> _Exercise_:
Images are not part of the copy; transcribe all the data exactly.

*** Opening Data below ***

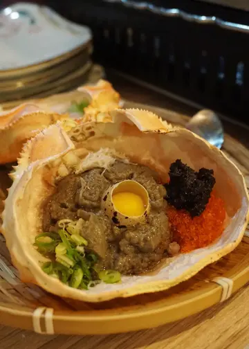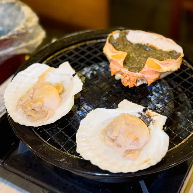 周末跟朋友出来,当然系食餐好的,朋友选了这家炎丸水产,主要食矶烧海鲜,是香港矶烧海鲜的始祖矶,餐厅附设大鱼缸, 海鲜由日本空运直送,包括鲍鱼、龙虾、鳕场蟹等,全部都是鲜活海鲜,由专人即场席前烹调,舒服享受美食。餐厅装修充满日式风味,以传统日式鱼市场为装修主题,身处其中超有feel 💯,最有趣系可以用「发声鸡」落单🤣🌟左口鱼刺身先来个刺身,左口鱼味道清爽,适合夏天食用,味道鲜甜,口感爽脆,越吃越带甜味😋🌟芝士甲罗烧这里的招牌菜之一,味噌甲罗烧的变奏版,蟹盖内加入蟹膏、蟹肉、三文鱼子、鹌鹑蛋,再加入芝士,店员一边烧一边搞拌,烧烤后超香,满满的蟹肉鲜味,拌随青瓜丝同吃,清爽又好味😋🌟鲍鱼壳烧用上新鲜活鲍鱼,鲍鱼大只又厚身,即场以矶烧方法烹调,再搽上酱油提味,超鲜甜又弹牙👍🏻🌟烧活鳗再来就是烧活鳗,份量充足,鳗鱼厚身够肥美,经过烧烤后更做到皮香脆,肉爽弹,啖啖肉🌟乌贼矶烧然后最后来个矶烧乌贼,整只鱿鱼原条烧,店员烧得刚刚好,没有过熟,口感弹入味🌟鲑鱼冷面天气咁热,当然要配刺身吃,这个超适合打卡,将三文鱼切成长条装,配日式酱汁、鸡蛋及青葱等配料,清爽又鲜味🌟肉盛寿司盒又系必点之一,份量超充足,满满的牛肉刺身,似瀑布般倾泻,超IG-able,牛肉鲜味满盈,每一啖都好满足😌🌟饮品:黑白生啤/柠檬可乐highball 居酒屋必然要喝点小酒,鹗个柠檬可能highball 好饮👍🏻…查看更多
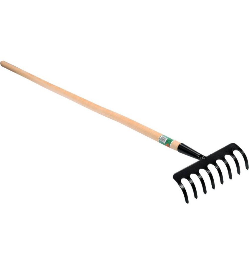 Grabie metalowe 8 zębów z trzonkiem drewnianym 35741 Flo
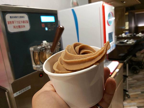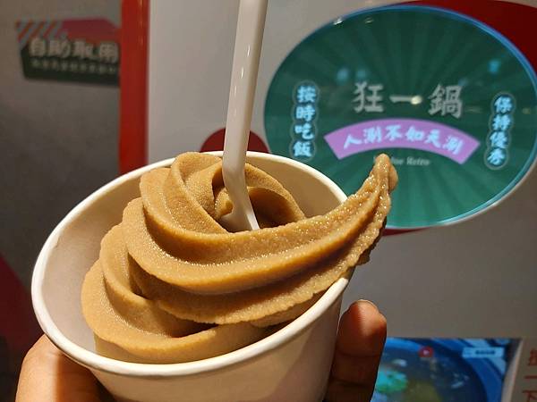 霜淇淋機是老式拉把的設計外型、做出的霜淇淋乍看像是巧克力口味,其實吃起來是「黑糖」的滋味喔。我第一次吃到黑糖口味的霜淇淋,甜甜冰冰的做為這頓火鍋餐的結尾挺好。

*** Closing Data below ***

> _Exercise answer_:
 周末跟朋友出来,当然系食餐好的,朋友选了这家炎丸水产,主要食矶烧海鲜,是香港矶烧海鲜的始祖矶,餐厅附设大鱼缸, 海鲜由日本空运直送,包括鲍鱼、龙虾、鳕场蟹等,全部都是鲜活海鲜,由专人即场席前烹调,舒服享受美食。餐厅装修充满日式风味,以传统日式鱼市场为装修主题,身处其中超有feel 💯,最有趣系可以用「发声鸡」落单🤣🌟左口鱼刺身先来个刺身,左口鱼味道清爽,适合夏天食用,味道鲜甜,口感爽脆,越吃越带甜味😋🌟芝士甲罗烧这里的招牌菜之一,味噌甲罗烧的变奏版,蟹盖内加入蟹膏、蟹肉、三文鱼子、鹌鹑蛋,再加入芝士,店员一边烧一边搞拌,烧烤后超香,满满的蟹肉鲜味,拌随青瓜丝同吃,清爽又好味😋🌟鲍鱼壳烧用上新鲜活鲍鱼,鲍鱼大只又厚身,即场以矶烧方法烹调,再搽上酱油提味,超鲜甜又弹牙👍🏻🌟烧活鳗再来就是烧活鳗,份量充足,鳗鱼厚身够肥美,经过烧烤后更做到皮香脆,肉爽弹,啖啖肉🌟乌贼矶烧然后最后来个矶烧乌贼,整只鱿鱼原条烧,店员烧得刚刚好,没有过熟,口感弹入味🌟鲑鱼冷面天气咁热,当然要配刺身吃,这个超适合打卡,将三文鱼切成长条装,配日式酱汁、鸡蛋及青葱等配料,清爽又鲜味🌟肉盛寿司盒又系必点之一,份量超充足,满满的牛肉刺身,似瀑布般倾泻,超IG-able,牛肉鲜味满盈,每一啖都好满足😌🌟饮品:黑白生啤/柠檬可乐highball 居酒屋必然要喝点小酒,鹗个柠檬可能highball 好饮👍🏻…查看更多
 Grabie metalowe 8 zębów z trzonkiem drewnianym 35741 Flo
 霜淇淋機是老式拉把的設計外型、做出的霜淇淋乍看像是巧克力口味,其實吃起來是「黑糖」的滋味喔。我第一次吃到黑糖口味的霜淇淋,甜甜冰冰的做為這頓火鍋餐的結尾挺好。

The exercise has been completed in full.